▶ **Exercise aim**: As soon as the line containing "General Purification Workflow" appears in the material below, start returning lines exactly, and end with the line containing "Click to download".

▶ **Material for the task**:
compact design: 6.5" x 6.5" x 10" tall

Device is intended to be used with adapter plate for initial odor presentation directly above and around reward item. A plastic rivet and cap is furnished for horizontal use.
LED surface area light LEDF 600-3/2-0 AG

---

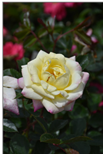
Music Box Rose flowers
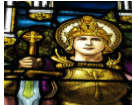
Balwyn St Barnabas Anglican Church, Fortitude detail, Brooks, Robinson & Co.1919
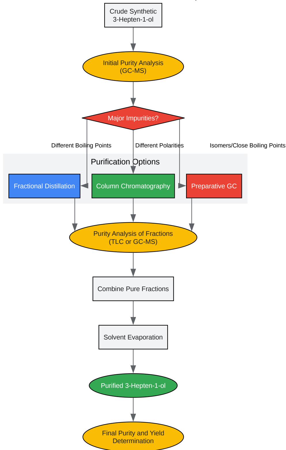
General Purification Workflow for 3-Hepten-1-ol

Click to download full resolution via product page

▶ **Output for this task**:
General Purification Workflow for 3-Hepten-1-ol

Click to download full resolution via product page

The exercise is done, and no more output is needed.